Cost data were collected at the school level only. The goal was to assess all resource use and costs, regardless of whether a monetary transaction took place. Total school food environment and PE cost data were collected at both intervention and control schools. For the school food environment this included: food, labor and central kitchen costs; revenues (total a la carte cash sales by day, cash meal and program sales, United States Department of Agriculture reimbursements); meal and program participation (total number of serving days, count by day and by free/reduced/paid category). PE costs included time PE teachers spent in class teaching students, equipment and supplies. Additional data were retrieved from intervention schools only and included: intervention materials and supplies, salaries, training costs and travel costs of study staff dedicated to delivering the intervention. Costs of school environment changes, in-kind donations and outside grants were also collected.

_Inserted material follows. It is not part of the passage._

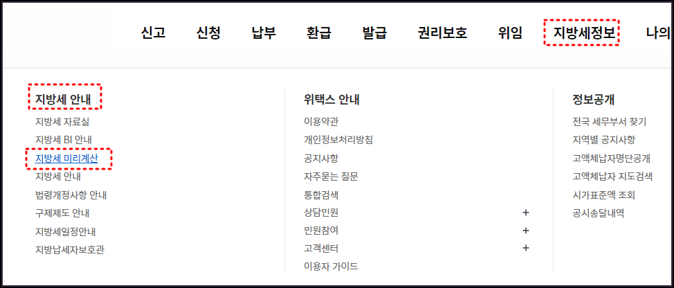 위택스 홈페이지에 접속 후 '지방세 미리계산' 메뉴를 선택하면 취득세 계산기를 이용할 수 있습니다.

Total school food environment

To measure the total school food environment, sales and production records for foods and beverages from cafeteria meals and programs, a la carte and vending machines were collected at all three data collection periods. Data were collected consecutively for 20-day periods. Production records and meal participation rates were extracted from source documents provided by the food service manager at each school. Sales data were provided by cash register records or by the food service manager at each school, or in the case of snack and beverage vending, by the party responsible for the vending machines (school specific). Foods were analyzed for nutrient content using the Nutrition Data System for Research software (University of Minnesota Nutrition Coordinating Center, Minneapolis, MN, USA).

PE activity level

Activity level in PE classes was collected in both intervention and control schools at all three data collection time points. Data were recorded on heart rate monitors worn by consented students during the PE class. The sample of specific classes and students was selected by an unbiased scheme generated by the coordinating center. Heart rate monitor data were summarized as minutes of moderate-to-vigorous physical activity (defined as heart rate ≥130 beats per minute).

Academic performance

Although the potential health benefits of the proposed intervention were extremely important, scholastic achievement is the primary purpose of schools. If the HEALTHY intervention was successful but associated with an adverse impact on scholastic performance, it would have little chance of being widely adopted. Therefore, data were collected to document scholastic performance on the respective state accountability tests and the total number and passing rates of students taking the test. These tests were taken by sixth, seventh and eighth graders in intervention and control schools every year. Grade and school level data were recorded—no individual student data were collected. In addition, data were collected to determine the rates of grade level absences and referrals for disciplinary action. Policy and practice related to disciplinary referrals and any changes were recorded. These data detected relative change in the school from before the study to its end.

Environmental influences

Primary prevention trials such as HEALTHY are typically conducted in response to an identified public health need. This meant that although the HEALTHY researchers were trying to study the impact of an intervention that changed the environment, legislatures, action groups and the general public were also at work to change the environment both individually and collectively.65 These changes could have occurred in and around the school environment, which affect the study school’s nutrition and physical activity programs during the intervention period. These influences could have occurred at either or both control and intervention schools and may have been because of federal, state or local mandates, policies or decisions. It was necessary to document external independent programmatic policy and environmental changes to assess their potential effects.66 Assessing these potential confounding effects was critical in a multi-year intervention that focused on the impact of a strong environmental intervention. It was particularly important for HEALTHY because of the increasing national awareness of the prevalence of obesity and low physical activity levels among children and adolescents.3 National recommendations, referenda and initiatives were being proposed that could influence the trial’s primary outcome in both intervention and control schools. Data were collected annually related to levels of physical activity and nutrition that may occur in the school but that were not necessarily part of the study intervention, including: (1) aspects of the environment in the school, in the school neighborhood, during school hours and after or before school, (2) relevant grants and research program initiatives, (3) local, state or federal mandates and (4) promotions and advertising. Longitudinal changes from one year to the next or from the beginning of the study to the end, as well as group (control versus intervention) differences, helped to interpret study outcomes.

Process evaluation

In addition to the above, data were collected in intervention schools specifically to conduct ongoing process evaluation to assess the extent to which the intervention was delivered and received as intended.67 By monitoring the delivery of key intervention components and providing timely feedback to the intervention staff, process evaluation data were used to help ensure fidelity of intervention delivery. Monitoring and providing feedback on the intervention ensured adequate implementation of the intervention components and were used to help explain study outcomes.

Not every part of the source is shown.